Zoals ik tijdens de eerste termijn van het plenaire debat al aangaf, gaat het om schaarse capaciteit, die door de overheid is ingericht en die een zekere bescherming moet genieten teneinde niet teveel in de sfeer van de partijdeskundige te worden getrokken. Wel acht ik het van groot belang dat de verdediging goede mogelijkheden heeft om de resultaten van het onderzoek te betwisten, onder meer door middel van het doen verrichten van tegenonderzoek. Het wetsvoorstel versterkt daartoe de positie van de verdediging. Het is de taak van de verdediging om aan te geven waarom een ingediend verzoek nodig en zinvol is en kan bijdragen aan de waarheidsvinding. Het is de verantwoordelijkheid van de rechter verzoeken te beoordelen en te toetsen aan het belang van het onderzoek. Ik ben van mening dat het opnemen van dit beoordelingscriterium in het wetsvoorstel aan de rechter een voldoende duidelijk richtsnoer verschaft. Het wetsvoorstel bevordert dat aan goed gefundeerde en tijdig ingediende verzoeken van de verdediging tot aanvulling of uitbreiding van het deskundigenonderzoek meer dan nu het geval is tegemoet kan worden gekomen.

Kennis en vaardigheden (deskundige en rechter)

Mevrouw Azough heeft gevraagd in hoeverre de kennis en vaardigheden van de rechter verbeterd worden waar het de waardering van het deskundigenonderzoek betreft.

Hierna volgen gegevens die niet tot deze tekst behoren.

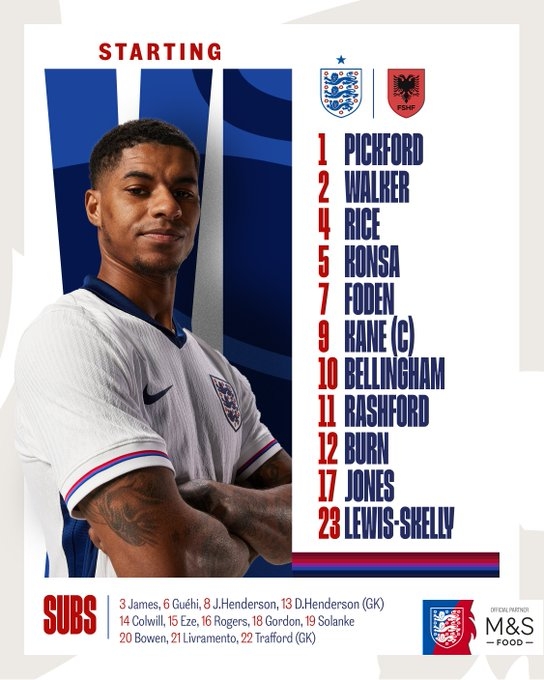 3月22日訊 世預賽歐洲區(qū)小組賽K組第1輪,英格蘭對陣阿爾巴尼亞的比賽即將打響。在賽前公布的陣容中,拉什福德將首發(fā)出戰(zhàn)。
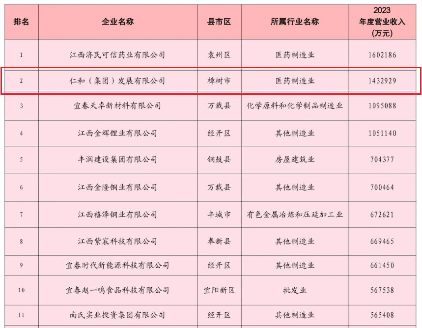 仁和集團(tuán)榮登2024宜春民營企業(yè)百強(qiáng)榜第二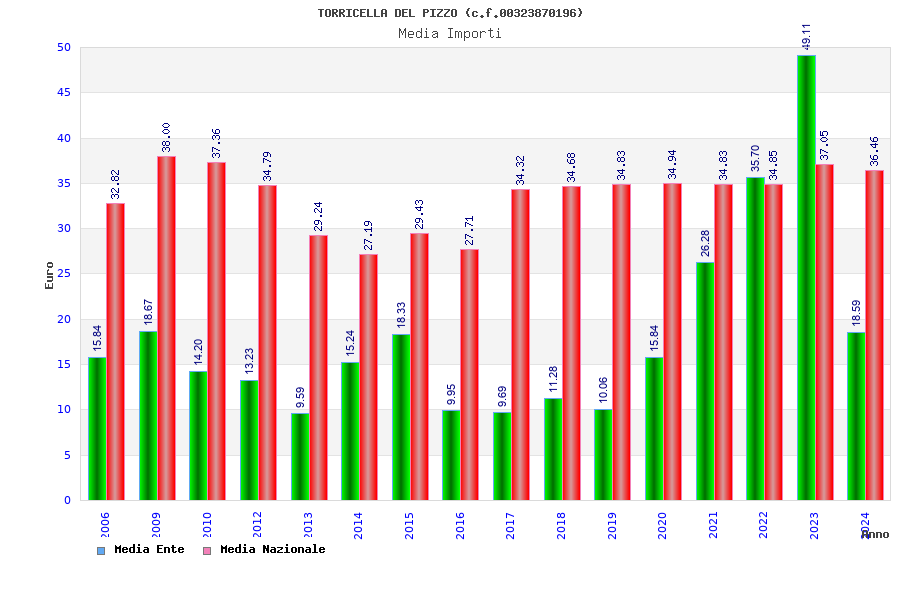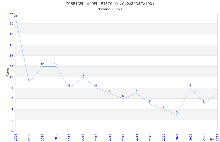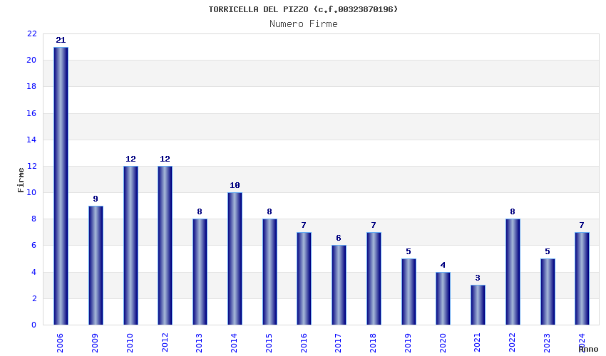 | Anno | Firme | Importi | Media | Naz. | Reg. | Prov. | Comu. |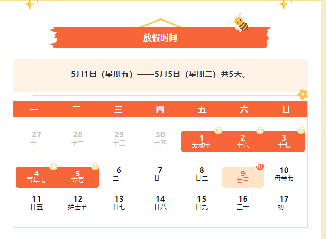 春深四月去,夏来五月新。在这生机勃勃的美好时节,我们即将迎来五一国际劳动节。为了让孩子们度过一个安全、健康、愉快的假期,根据《国务院办公厅关于2026年部分节假日安排的通知》,结合学校实际情况,现将放假安排及相关安全注意事项告知如下,请仔细阅读并配合做好孩子的监护与教育工作。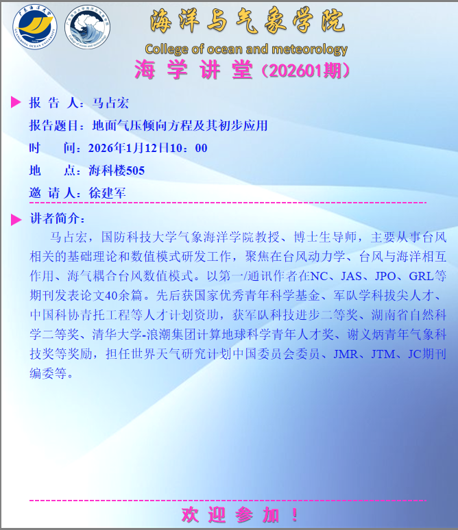【学术会议通知】独播库tv “海学讲堂”(202601期)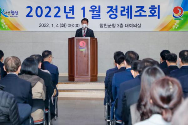 합천군은 4일 오전 9시 군청 대회의실에서 정례조회로 임인년 새해를 시작했다. 이번 정례조회는 방역패스를 도입해 코로나19 백신 접종을 완료한 공직자 및 일반인이 참석한 가운데 진행됐다.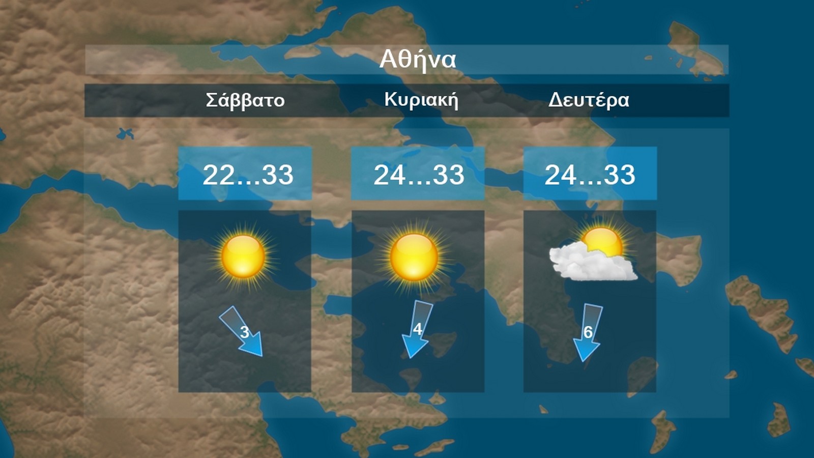 Στην Αττική προβλέπεται γενικά αίθριος καιρός με αραιές νεφώσεις κατά διαστήματα. Οι άνεμοι θα πνέουν βορειοδυτικοί 3 με 5 μποφόρ και από το μεσημέρι νότιοι. Η θερμοκρασία θα κυμανθεί από 22 έως 35 βαθμούς Κελσίου.

Ook de heer De Roon wees op het belang van hiervan. Mevrouw Van Toorenburg wees op het belang van vergroting van de strafprocessuele kennis bij de deskundige.

In de einduitspraak zullen rechters een oordeel moeten geven over mogelijk tegengestelde opinies op zeer specialistische terreinen op basis van generale kennis die geenszins de kennis van de desbetreffende specialisten kan evenaren. Dit vergt enerzijds duidelijke rapportage van de deskundige en anderzijds het bevorderen van vaardigheden van rechters om de inhoud van de deskundigenrapportage op hun waarde te schatten. Het project Promis (Project motiveren verbetering in strafvonnissen) zal in 2008 landelijk worden ingevoerd. Daarmee streven de rechters naar een duidelijker motivering van hun beslissingen. Met de Promismethode kan de rechter beter inzicht geven in de gedachtegang die tot zijn eindoordeel heeft geleid, in het bijzonder voor wat betreft de bewezenverklaring en de straftoemeting. Dit spitst zich toe op de onderwerpen die door de officier van justitie en de verdediging aan de orde zijn gesteld op de terechtzitting en punt van discussie zijn geweest. In het vonnis wordt antwoord gegeven op onderbouwde standpunten van OM en verdediging. Indien ter terechtzitting de waardering van een deskundigenrapport ter discussie is gesteld, zal de rechter daar in zijn vonnis een overweging aan wijden. Voorts heeft de Raad voor de rechtspraak inmiddels in samenspraak met het Studiecentrum Rechtspleging modules ontwikkeld waarmee de rechters worden bijgeschoold onder meer op het gebied van het forensisch-technisch onderzoek en de gehanteerde onderzoeksmethoden. Ook in het kader van de regulier opleiding tot rechter wordt hieraan aandacht geschonken. De Stichting Studiecentrum Rechtspleging die functioneert onder auspiciën van de Raad voor de rechtspraak, stimuleert voorts de permanente educatie van de zittende magistratuur. Het cursusaanbod wordt geëvalueerd en indien nodig aangepast, waarbij de aandacht in het bijzonder uitgaat naar de cursussen getuigenverhoor, forensisch-technisch onderzoek en het lezen en interpreteren van deskundigenrapportage. De Raad voor de rechtspraak is zich ervan bewust dat het waarderen van deskundigenonderzoek extra aandacht behoeft in het kader van training en opleiding van rechters. Over het audit-model uit het boek Complex Cases heeft de Stichting Studiecentrum Rechtspleging niet lang na het verschijnen van dit boek een studiebijeenkomst voor rechters gehouden.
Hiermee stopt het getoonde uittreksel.